The Balboa Peninsula (also referred to as "Balboa" or "the Peninsula") is a neighborhood of the city of Newport Beach, California. It is named after Spanish explorer Vasco Núñez de Balboa, the first European to sight the Pacific from the Americas.
Balboa is primarily residential with some commercial areas.

==History==

In geological terms, the Balboa Peninsula is a sandspit. The present form of the Peninsula can be attributed to an 1825 flood which rerouted the Santa Ana River into West Newport. This change caused sand to accumulate, and by 1857 the Peninsula had spread to half its present length.

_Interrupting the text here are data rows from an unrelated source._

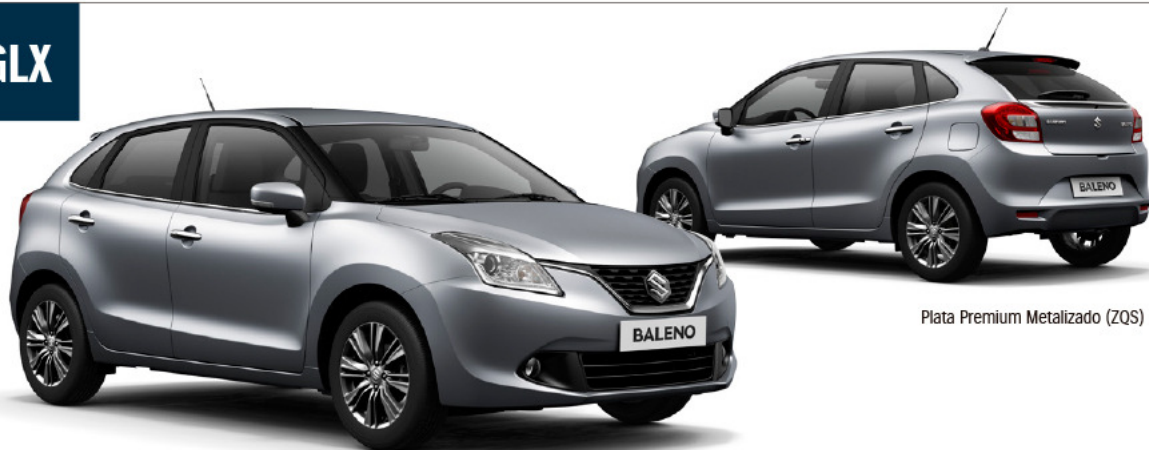
Plata Premium Metalizado (ZQS)
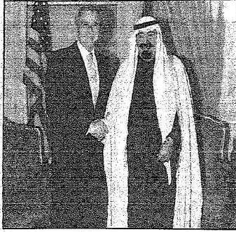
الملك عبدالله والرئيس بوش خلال الاستقبال بواشنطن
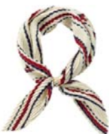
プリーツ カーフ 2,600 円
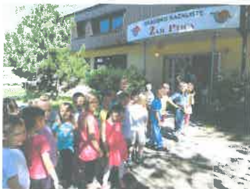
- posjeta dječjem kazalištu „Žar ptica” u Zagrebu
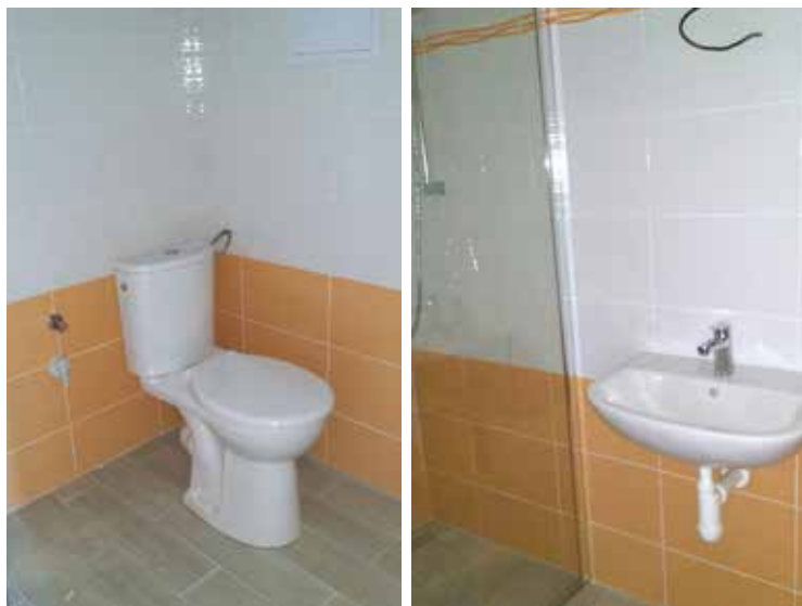
Oprava sociálních zařízení na Domě s pečovatelskou službou
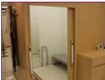
(ショッピングセンター 衣料品売場)

普通の試着室より、広く作られていて、段差もないため、車いすやベビーカーと一緒に入ることができます。腰を下ろせるソファがあるので、試着もゆったりできます。ソファの横には、手すりも付いているので、立ち上がる時に便利です。
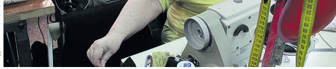
Работники социальной швейной мастерской могут трудиться не только в цехе, но и на дому.

Интерес социальных предпринимателей к легкой промышленности растет. Пятнадцать процентов выпускников школы ЦИСС-2020 посвятили свои проекты этому направлению и наладили производство одежды, обуви, галантерейных изделий, предметов быта.
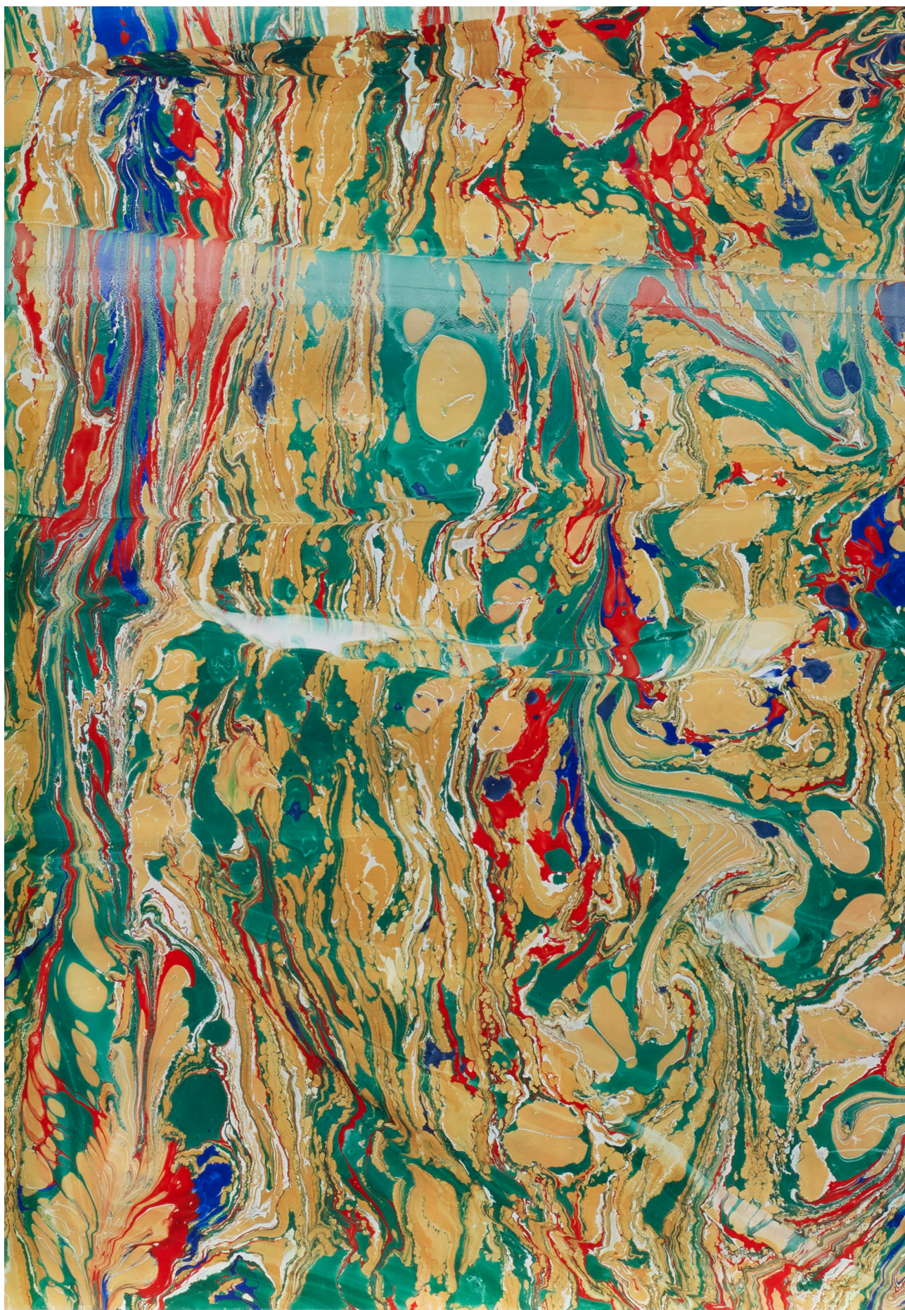
Le Groupe et La Famille (detail), 2010. © Kristien Daem

In 1920, the river was rerouted by the Bitter Point Dam to its present outlet in Huntington Beach.

In 1888, the McFadden family, which had arrived in California c. 1849, decided their shipping business would be more successful if they moved it from the inner shores of the bay to the oceanfront, where it was connected by rail to Santa Ana. They built McFadden Wharf at the location where the Newport Pier is today. In 1899, the Federal Government allocated funds for major improvements to a new harbor at San Pedro, which would become Southern California's major seaport. The McFadden Wharf and railroad were sold to the Southern Pacific Railroad that same year, signaling the end of Newport Bay as a commercial shipping center.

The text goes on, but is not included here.